What is expected: An exact copy of the lines of the listing below between the "meinem Herzen |" line and the "110 x 70 x 14" line, both included, is the whole answer; please omit the pictures.

Data for review:
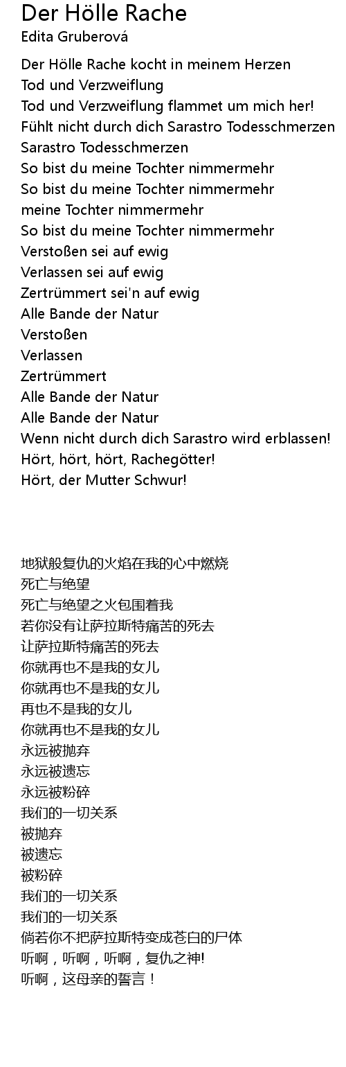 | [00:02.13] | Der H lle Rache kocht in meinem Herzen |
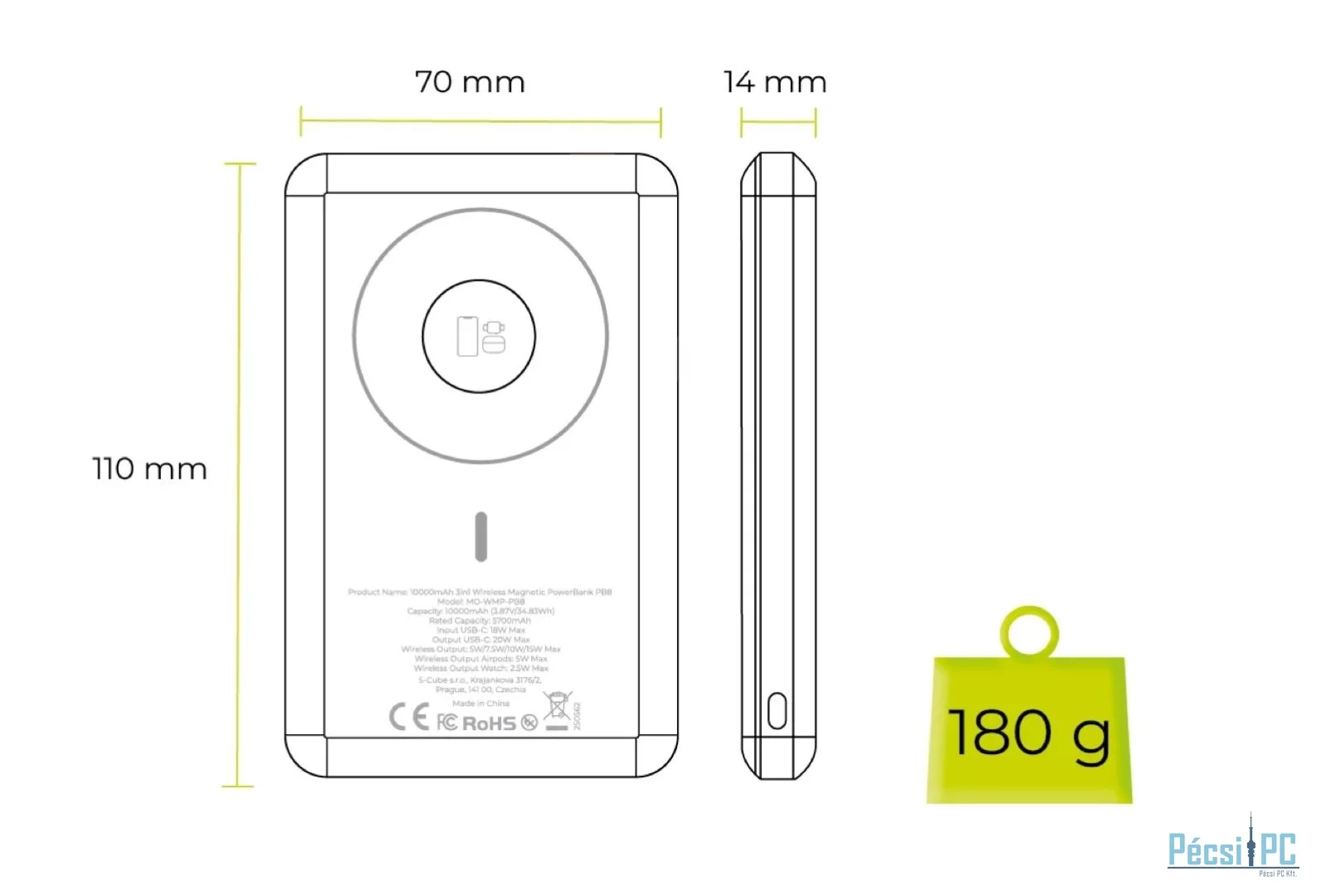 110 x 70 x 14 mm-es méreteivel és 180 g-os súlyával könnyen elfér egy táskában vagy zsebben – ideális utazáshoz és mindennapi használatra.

...

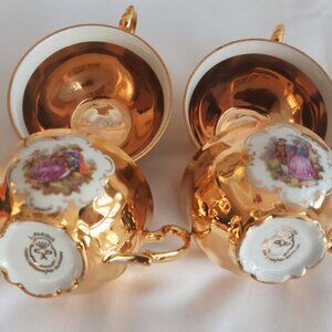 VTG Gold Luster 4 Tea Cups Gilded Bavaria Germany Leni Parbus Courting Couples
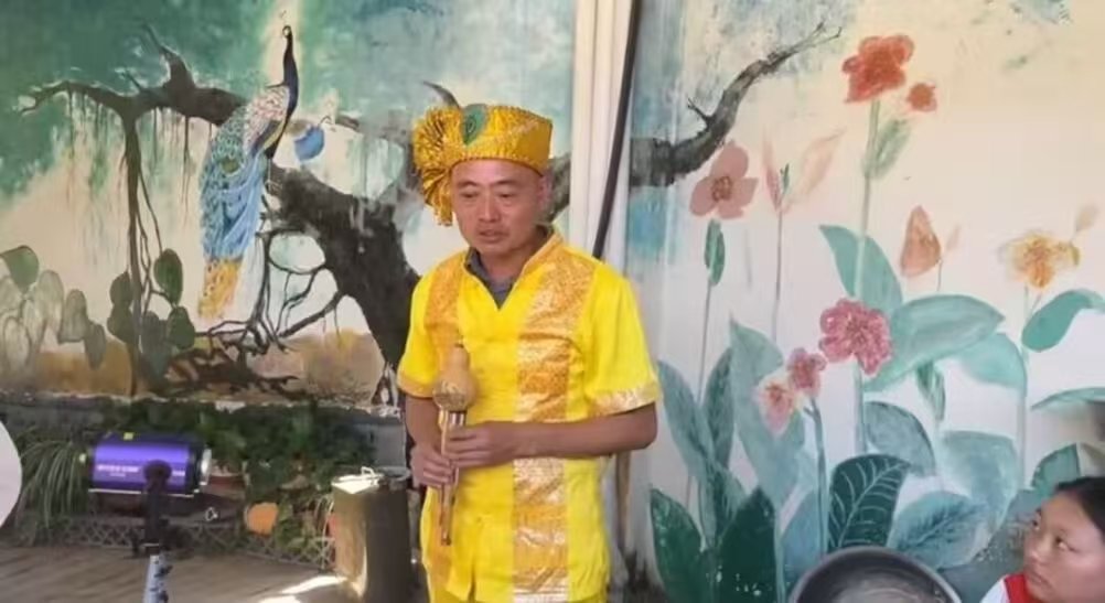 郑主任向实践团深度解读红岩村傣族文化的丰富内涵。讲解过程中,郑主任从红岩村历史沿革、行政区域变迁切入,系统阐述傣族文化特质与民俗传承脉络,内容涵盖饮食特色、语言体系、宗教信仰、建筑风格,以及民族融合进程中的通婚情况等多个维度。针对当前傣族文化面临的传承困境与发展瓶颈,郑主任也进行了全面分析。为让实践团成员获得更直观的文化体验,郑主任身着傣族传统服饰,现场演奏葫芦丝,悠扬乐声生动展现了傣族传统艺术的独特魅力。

Answer for this exercise:
 | [00:02.13] | Der H lle Rache kocht in meinem Herzen |
 110 x 70 x 14 mm-es méreteivel és 180 g-os súlyával könnyen elfér egy táskában vagy zsebben – ideális utazáshoz és mindennapi használatra.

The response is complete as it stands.